● **TASK TO COMPLETE**:
Identify all lines below that hold "Obergeschoss" and collect them.

Records contained in a dataset:
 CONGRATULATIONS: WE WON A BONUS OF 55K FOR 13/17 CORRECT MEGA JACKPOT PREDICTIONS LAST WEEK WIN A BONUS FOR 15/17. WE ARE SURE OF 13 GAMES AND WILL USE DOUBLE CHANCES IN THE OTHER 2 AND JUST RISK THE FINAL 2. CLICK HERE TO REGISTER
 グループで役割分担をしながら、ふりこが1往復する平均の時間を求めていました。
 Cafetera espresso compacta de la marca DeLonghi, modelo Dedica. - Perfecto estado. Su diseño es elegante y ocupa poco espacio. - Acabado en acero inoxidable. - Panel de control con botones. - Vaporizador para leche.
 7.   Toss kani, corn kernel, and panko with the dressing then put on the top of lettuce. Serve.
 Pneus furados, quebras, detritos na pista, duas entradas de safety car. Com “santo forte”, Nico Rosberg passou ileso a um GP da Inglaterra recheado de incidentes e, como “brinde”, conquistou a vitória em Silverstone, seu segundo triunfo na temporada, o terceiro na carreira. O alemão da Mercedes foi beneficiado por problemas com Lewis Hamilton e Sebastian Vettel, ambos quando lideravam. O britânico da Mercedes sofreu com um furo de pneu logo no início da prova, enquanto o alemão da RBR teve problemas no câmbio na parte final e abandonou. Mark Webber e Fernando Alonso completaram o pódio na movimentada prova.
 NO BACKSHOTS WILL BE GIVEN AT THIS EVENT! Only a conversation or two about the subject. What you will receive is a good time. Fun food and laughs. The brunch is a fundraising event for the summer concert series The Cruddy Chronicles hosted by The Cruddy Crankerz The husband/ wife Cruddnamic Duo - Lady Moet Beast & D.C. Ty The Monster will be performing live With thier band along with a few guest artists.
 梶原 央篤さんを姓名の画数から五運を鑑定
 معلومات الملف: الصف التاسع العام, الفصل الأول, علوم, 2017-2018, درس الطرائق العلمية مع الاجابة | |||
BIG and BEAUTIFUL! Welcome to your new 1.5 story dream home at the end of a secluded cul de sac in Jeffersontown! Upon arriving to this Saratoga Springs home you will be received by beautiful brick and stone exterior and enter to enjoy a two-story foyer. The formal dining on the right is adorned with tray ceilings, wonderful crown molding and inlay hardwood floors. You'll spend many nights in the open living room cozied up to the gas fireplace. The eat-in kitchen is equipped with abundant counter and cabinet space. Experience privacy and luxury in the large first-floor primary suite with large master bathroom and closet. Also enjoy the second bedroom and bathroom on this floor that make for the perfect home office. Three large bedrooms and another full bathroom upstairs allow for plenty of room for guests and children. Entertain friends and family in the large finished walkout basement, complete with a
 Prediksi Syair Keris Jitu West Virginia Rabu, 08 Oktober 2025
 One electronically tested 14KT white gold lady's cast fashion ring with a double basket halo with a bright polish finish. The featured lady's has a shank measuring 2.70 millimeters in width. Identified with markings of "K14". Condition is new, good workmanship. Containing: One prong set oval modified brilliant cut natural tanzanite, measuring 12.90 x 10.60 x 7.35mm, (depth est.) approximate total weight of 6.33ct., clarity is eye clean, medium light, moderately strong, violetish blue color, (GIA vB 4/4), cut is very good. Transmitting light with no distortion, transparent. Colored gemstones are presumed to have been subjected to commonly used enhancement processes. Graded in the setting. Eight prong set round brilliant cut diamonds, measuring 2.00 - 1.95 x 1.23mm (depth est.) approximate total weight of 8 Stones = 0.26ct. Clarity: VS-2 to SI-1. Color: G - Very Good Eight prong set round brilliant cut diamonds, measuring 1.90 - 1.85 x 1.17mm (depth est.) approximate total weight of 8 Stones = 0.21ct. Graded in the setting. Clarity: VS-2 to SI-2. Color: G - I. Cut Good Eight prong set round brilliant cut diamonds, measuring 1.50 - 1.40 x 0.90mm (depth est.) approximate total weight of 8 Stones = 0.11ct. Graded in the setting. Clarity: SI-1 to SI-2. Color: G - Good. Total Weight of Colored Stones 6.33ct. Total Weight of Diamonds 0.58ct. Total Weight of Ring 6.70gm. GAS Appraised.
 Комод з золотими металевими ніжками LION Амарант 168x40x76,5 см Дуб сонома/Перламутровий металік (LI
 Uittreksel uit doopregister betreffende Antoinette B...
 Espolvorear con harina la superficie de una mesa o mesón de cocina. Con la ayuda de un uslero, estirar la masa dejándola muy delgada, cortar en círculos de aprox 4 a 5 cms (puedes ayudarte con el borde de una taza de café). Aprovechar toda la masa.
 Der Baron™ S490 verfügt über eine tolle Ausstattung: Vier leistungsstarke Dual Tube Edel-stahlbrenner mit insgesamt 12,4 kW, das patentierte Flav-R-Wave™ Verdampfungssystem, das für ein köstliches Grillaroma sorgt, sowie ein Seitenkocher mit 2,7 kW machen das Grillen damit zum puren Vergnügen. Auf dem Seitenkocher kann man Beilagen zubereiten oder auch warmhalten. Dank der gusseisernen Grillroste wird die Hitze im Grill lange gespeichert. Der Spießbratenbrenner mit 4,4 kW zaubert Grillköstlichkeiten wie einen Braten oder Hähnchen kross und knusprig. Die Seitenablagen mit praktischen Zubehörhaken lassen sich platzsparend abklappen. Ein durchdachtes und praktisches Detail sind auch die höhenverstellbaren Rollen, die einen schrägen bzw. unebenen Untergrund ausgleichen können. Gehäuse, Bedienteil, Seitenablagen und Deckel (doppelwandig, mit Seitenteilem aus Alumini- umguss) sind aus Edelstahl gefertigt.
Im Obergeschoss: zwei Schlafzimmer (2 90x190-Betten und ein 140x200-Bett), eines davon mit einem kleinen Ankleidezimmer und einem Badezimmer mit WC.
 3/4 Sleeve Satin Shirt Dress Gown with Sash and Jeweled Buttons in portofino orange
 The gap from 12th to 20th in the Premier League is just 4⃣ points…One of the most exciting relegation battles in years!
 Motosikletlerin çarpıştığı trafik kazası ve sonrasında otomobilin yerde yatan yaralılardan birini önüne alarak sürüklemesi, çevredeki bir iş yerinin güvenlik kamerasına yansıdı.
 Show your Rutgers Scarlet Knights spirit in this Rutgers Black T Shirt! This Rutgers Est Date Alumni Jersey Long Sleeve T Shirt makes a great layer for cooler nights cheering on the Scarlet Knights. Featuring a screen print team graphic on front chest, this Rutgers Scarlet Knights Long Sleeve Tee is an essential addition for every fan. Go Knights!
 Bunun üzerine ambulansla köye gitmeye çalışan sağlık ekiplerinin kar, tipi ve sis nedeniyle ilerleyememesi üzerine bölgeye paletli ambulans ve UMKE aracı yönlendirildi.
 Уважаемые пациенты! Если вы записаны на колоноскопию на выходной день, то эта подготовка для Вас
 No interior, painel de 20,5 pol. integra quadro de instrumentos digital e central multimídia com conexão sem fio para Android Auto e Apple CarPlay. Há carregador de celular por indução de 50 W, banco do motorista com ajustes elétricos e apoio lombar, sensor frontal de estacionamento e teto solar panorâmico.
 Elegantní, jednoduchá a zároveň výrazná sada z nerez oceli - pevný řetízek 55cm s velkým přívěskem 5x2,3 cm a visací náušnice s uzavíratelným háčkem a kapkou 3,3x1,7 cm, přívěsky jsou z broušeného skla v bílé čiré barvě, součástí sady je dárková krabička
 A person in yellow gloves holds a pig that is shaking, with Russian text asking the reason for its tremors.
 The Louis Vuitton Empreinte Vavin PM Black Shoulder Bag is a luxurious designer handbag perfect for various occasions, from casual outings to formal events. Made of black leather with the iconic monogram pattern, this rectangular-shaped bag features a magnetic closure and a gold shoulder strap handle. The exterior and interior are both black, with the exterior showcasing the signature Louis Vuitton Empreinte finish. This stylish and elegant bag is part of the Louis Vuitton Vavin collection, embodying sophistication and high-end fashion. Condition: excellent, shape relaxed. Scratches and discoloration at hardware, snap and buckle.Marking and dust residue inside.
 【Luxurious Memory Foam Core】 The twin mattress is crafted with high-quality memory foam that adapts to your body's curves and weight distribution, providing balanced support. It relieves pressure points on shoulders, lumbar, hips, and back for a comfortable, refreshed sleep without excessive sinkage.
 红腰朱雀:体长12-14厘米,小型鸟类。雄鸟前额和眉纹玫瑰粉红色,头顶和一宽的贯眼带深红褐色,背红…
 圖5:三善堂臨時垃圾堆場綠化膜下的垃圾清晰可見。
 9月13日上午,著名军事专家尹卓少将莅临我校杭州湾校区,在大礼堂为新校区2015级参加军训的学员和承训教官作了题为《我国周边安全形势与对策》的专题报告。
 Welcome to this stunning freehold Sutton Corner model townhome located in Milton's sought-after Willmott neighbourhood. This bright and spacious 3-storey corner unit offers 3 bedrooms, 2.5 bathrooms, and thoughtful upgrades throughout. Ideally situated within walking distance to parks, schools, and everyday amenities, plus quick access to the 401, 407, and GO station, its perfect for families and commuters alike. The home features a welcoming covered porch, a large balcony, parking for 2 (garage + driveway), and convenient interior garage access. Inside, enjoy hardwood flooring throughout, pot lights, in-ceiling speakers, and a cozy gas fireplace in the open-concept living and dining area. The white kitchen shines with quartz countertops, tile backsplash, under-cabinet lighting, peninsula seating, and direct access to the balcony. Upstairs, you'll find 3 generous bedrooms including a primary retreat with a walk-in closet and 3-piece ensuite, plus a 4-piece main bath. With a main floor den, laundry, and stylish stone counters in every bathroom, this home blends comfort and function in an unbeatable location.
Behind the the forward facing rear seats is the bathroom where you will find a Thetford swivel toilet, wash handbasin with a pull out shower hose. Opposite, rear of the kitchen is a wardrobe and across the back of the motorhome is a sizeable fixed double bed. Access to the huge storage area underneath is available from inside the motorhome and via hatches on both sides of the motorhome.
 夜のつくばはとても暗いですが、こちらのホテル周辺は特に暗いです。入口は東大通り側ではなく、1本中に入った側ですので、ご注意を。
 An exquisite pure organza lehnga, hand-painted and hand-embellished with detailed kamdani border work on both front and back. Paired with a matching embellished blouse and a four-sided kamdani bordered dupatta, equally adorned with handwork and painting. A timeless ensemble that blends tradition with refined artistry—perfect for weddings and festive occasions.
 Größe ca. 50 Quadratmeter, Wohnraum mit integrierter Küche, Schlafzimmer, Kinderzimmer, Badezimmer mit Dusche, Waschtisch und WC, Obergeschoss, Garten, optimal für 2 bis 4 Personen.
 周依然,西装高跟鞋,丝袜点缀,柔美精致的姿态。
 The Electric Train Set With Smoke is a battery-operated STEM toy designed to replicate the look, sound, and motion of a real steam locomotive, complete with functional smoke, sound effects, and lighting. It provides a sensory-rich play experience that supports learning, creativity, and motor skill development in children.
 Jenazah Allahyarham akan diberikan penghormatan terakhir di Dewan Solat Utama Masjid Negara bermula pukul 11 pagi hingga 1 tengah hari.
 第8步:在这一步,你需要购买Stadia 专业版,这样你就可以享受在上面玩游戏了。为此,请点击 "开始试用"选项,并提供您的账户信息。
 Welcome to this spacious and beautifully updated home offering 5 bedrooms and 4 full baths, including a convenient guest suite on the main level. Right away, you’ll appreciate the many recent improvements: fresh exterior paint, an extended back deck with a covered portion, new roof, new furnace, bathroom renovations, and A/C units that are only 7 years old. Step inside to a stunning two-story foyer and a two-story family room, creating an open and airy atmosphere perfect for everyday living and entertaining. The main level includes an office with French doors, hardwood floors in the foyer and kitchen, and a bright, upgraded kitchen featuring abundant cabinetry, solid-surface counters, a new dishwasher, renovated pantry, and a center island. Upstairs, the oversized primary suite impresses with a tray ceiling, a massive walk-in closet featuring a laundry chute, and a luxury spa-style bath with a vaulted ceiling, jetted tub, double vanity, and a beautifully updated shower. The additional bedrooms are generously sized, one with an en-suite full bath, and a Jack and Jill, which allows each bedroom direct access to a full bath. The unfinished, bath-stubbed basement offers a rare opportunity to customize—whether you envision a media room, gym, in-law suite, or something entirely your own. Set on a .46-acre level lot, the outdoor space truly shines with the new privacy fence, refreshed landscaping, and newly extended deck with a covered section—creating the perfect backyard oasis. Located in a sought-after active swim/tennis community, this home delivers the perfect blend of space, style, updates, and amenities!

● **WRITTEN SOLUTION**:
Im Obergeschoss: zwei Schlafzimmer (2 90x190-Betten und ein 140x200-Bett), eines davon mit einem kleinen Ankleidezimmer und einem Badezimmer mit WC.
 Größe ca. 50 Quadratmeter, Wohnraum mit integrierter Küche, Schlafzimmer, Kinderzimmer, Badezimmer mit Dusche, Waschtisch und WC, Obergeschoss, Garten, optimal für 2 bis 4 Personen.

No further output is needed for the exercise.